Following the race Hawley said, “This being my last year at worlds and I would've hoped for more. I had amazing preparation going into this and was feeling strong. After the long travel here I arrived with a sore throat which was far from ideal but I told myself to push through it, and I wouldn't blame that for my end result.”

Hawley went on to say, “I had a solid swim, bike and run and at the end of the day it was positioning and the minute mishaps that differentiated 10th-40th.

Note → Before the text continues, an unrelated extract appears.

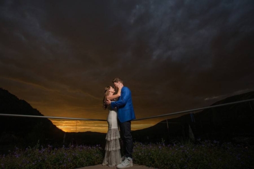 Photographer’s Comments: Every little detail of Elizabeth and Ken’s big day was a nod to their personalities and style, from the flowers with their bright pops of color to Ken and his groomsmen’s fresh Nikes. Their Aspen wedding was both elegant and intimate as they celebrated with their closest family and friends at 11,212 feet overlooking the Elk Mountain Range.Gallery

I felt pretty solid on the swim, had a relatively slow transition and then was onto the bike. The course presented a lot of challenges by nature with so many turns and narrow widths that you always had to be focused. I found it hard to move my position on the bike which could've been due to being extra cautious from a couple of crashes over the summer (I think I need to switch to Mountain Biking this winter to get some mad skills like Flora ;)).”

Hawley went on to say, “I got off the bike near the end of my pack and then tried to hold strong for the run. I ran 19:30 which a year ago would've been really good but considering my fitness now I was truly disappointed. I felt strong and the time was way off what I have actually been running - maybe because I was feeling a bit under the weather, maybe because everyone else was running well too,”

Hawley concluded, “After the race was done I reminded myself that I'm at the world champs with the best of the best and I still finished my best position at a world champs (I've had some pretty bad races here haha). Now it's just onto the next one - the season isn't over yet and I'm ready to redeem this performance as I feel like I am physically and mentally fitter than the outcome of today.”